Les résultats du PNNS peuvent être appréciés au vu des objectifs initiaux de réduction de la prévalence du surpoids et de l’obésité, grâce aux différentes enquêtes conduites par l’ANSES (étude individuelle des comportements alimentaires-INCA) et Santé publique France (enquêtes ENNS, puis ESTEBAN).

La dernière publication (mai 2017), de Santé publique France (enquête ESTEBAN) fait état d’une stabilité de la prévalence du surpoids aussi bien chez les adultes, que chez les enfants 

  • En 2015, chez les 18-74 ans, la prévalence du surpoids (y compris l’obésité) est de 49 % (54 % chez les hommes et 44 % chez les femmes), indicateur stable par rapport à 2006,
  • La proportion de personnes adultes obèses est de 17 %, pourcentage stable également,
  • 16 % des garçons (6-17 ans), et 18 % des filles sont en surpoids, sans évolution significative depuis 2006. La prévalence de l’obésité est de 4 % en 2015 (plus de 10 % aux Etats-Unis ou au Canada). La prévalence de la maigreur est en forte augmentation, de 8 % en 2006 à 13 % en 2015.

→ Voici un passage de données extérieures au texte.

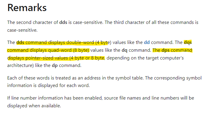 기본적으로 dds, dps, dqs 명령은 프로세스에서 지정된 범위의 메모리 내용을 표시합니다. 알아보신분들을 이미 해당 명령어는 d*s 형태로 되어있는 것을 보셨을 것 입니다. 아래 MS 공식문서에서 안내해주는 내용에 따라면 d, q, p 값을 각각 프로세스 환경에 따라서 적절히 맞춰서 사용해야합니다.

Cette stabilisation de la prévalence du surpoids chez les enfants a été confirmée dans les enquêtes INCA, et dans l’enquête en milieu scolaire de la DREES.

 

… et d’évolution des habitudes alimentaires

La comparaison des enquêtes INCA1 (1998-1999) et INCA2 (2006-2007), par l’ANSES, aboutit aux conclusions suivantes (l’enquête INCA3/2014 est en cours d’exploitation) :

Facteurs positifs :

  • augmentation de la consommation de fruits chez les adultes et les adolescents ;
  • diminution de la consommation des boissons alcoolisées chez les adultes ;
  • diminution de la consommation de sel, insuffisante malgré tout ;
  • stabilisation des apports énergétiques chez les adultes et diminution sensible chez les enfants de moins de 14 ans.

Points à améliorer

  • alimentation encore trop pauvre en glucides et en fibres ;
  • déstructuration du rythme alimentaire chez les 15-35 ans qui s’accentue,
  • consommation insuffisante de fruits et légumes chez les jeunes adultes,
  • niveau d’activité physique globalement insuffisant, notamment chez les jeunes filles (15-17 ans).

Autres constats, les disparités régionales en matière d’habitudes alimentaires restent fortement ancrées. Le Nord et l’Ouest consomment davantage de beurre, tandis que le Sud et l’Est privilégient les huiles. Les habitants du Nord consomment davantage de pommes de terre et d’aliments sucrés, ceux du Sud des légumes. Entre l’Est et l’Ouest, les différences concernent plutôt les produits laitiers (laits, produits laitiers frais et entremets à l’Ouest, fromages à l’Est) et le niveau de transformation des aliments.